Language modeling on the Nokia N800

Home > Software > Parakeet > Speech recognition Nokia N800 > Language modeling

Training Data

For baseline language models, I used 2-gram LMs trained on 222M words of newswire text using a variant of my CSR LM-1 training recipe. I used interpolated modified Kneser-Ney smoothing, with a count cutoff of 1 and no unknown word.

I used LMs with verbalized punctuation (VP) and a vocabulary of the top words in the CSR corpus. I eventually want to recognize short email/SMS-like messages that may contain multiple sentences. So I segmented the CSR training text into blocks of 1-6 contiguous sentences. Here are the LMs including the Sphinx binary DMP files and dictionaries:

5K CSR 2-gram with VP blocks
10K CSR 2-gram with VP blocks
20K CSR 2-gram with VP blocks
30K CSR 2-gram with VP blocks
40K CSR 2-gram with VP blocks

Vocabulary Size

One important decision was how big a vocabulary to use as the N800 only has 128MB of flash memory. I ran an experiment to see the memory requirements of 5K, 10K, 20K, 30K and 40K language models. While there was memory overhead from the acoustic model, PocketSphinx, and my own software, the size of the language model still dominated. The memory size is as reported by pmap, before recognition of the first utterance. I've also listed the biggest block which is maybe the language model.

Vocab size	Total memory	Largest Memory Block
5k	53.0 MB	30.1 MB
10k	73.6 MB	47.7 MB
20k	97.3 MB	66.0 MB
30k	112.4 MB	75.6 MB
40k	123.2 MB	81.5 MB

Speaker-independent Recognition Tests

I ran recognition experiments using the speaker-independent narrowband acoustic model and these LMs. I used two WSJ test sets: Nov'92 (si_et_05, 330 utts) and Hard (wsj0 si_dt_jr, wsj1 si_dt_s2/sjm si_et_s2/sjm si_et_h1/wsj64k, 784 utts). Results were on the N800 and used the tuned parameters below.
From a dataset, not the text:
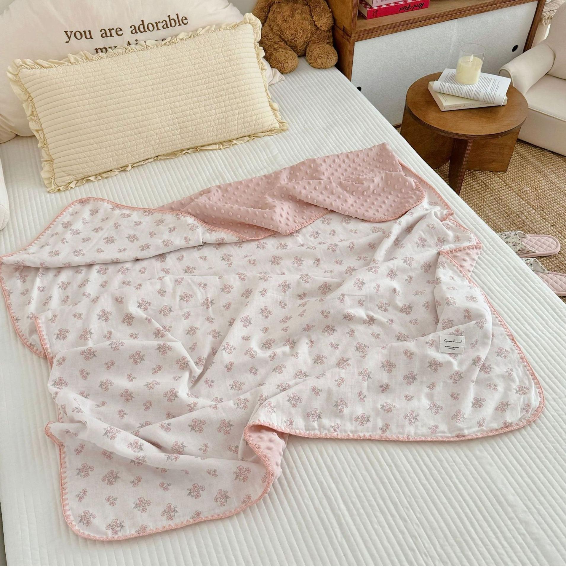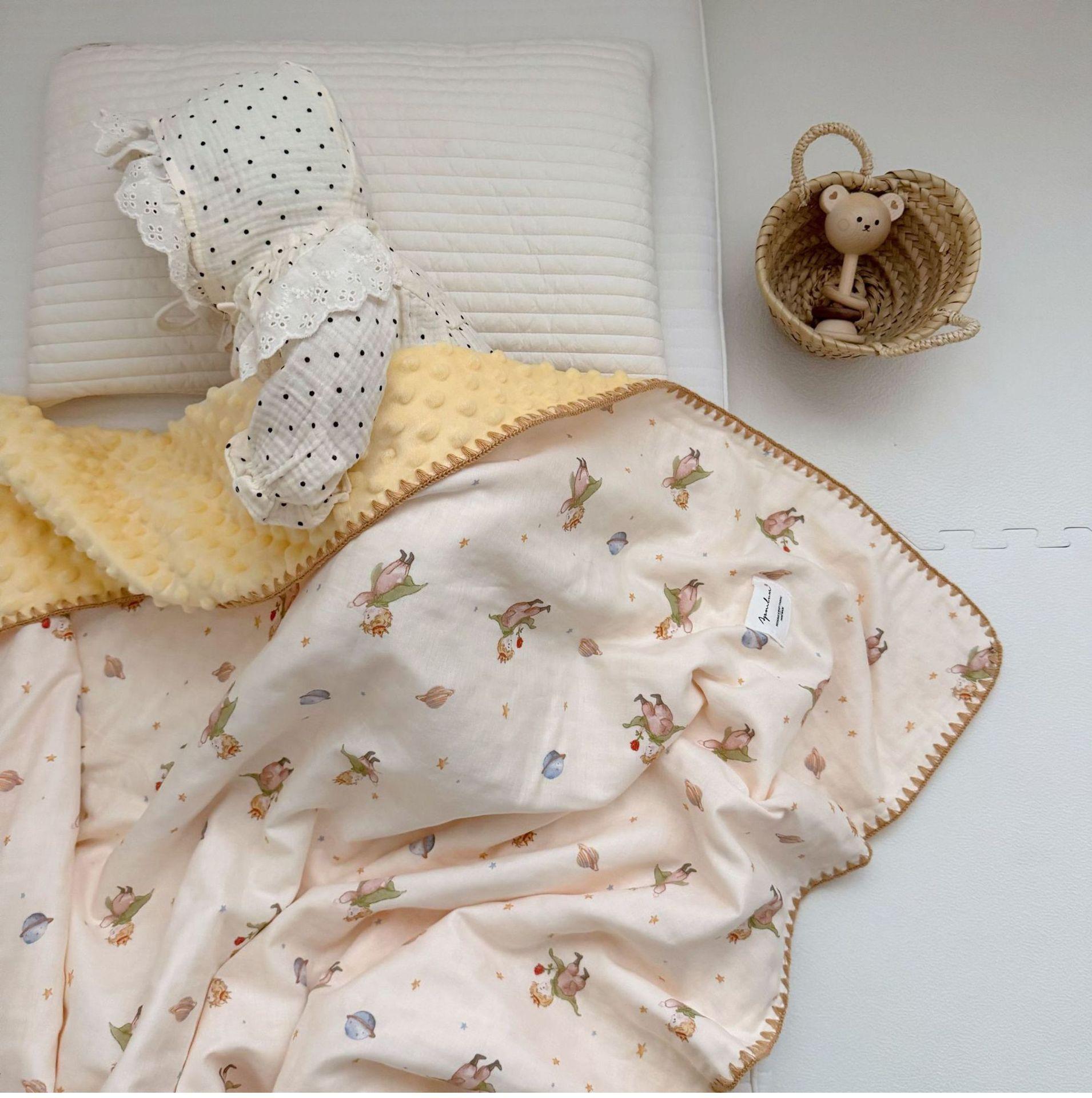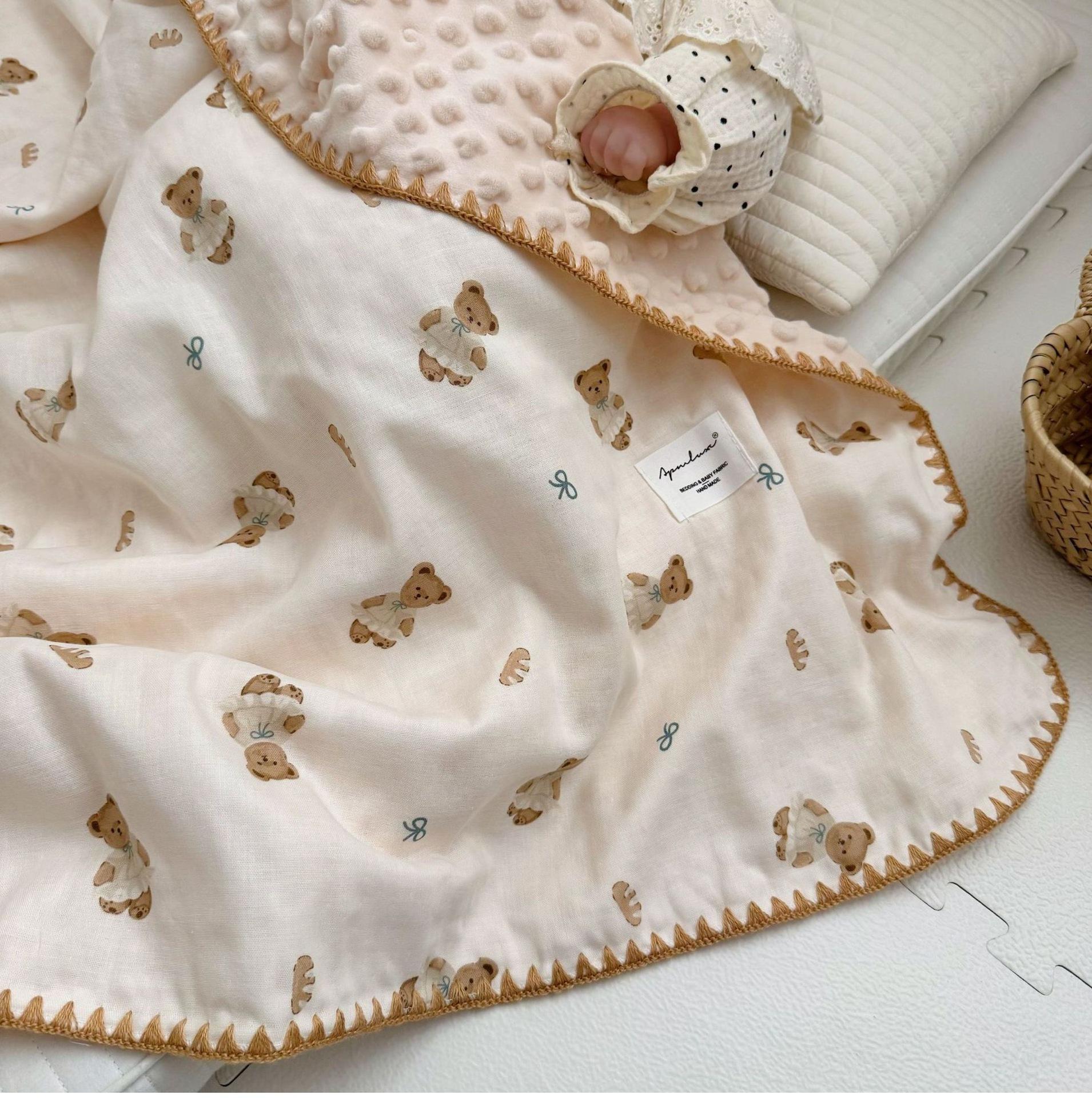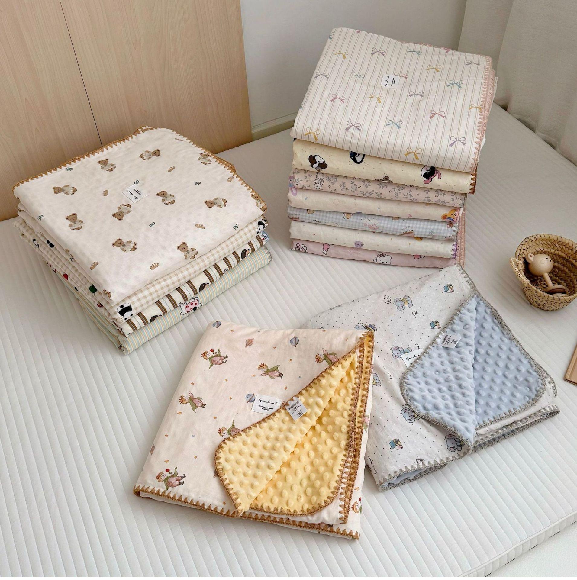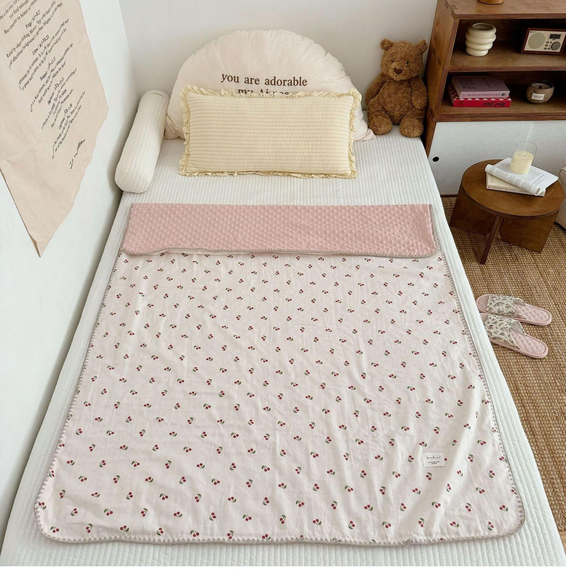 Manta de Frijol de Hilo Doble Capa de Algodón Ins para Niños de Dibujos Animados Manta de Algodón para las Cuatro Estaciones Manta para la Siesta de Oficina

Sphinx config file for 20K test

Vocab size	Nov'92 OOV	Nov'92 WER	Nov'92 xRT	Hard OOV	Hard WER	Hard xRT
5k	2.90%	23.03%	0.988	12.55%	43.36%	1.143
10k	0.95%	21.51%	0.966	7.24%	37.71%	1.153
20k	0.41%	22.73%	1.048	3.91%	35.26%	1.212
30k	0.28%	24.35%	1.084	2.38%	35.56%	1.274
40k	0.13%	26.30%	1.183	1.69%	36.26%	1.304

There WERs aren't great, but accuracy had to be traded to obtain real-time performance and a reasonable memory footprint. Also there is a mismatch between my VP blocked LMs and the NVP single sentence utterances in the test sets. For further experiments, I used a vocabulary size of 20K. 20K provided a low out-of-vocabulary (OOV) rate and a reasonable memory footprint.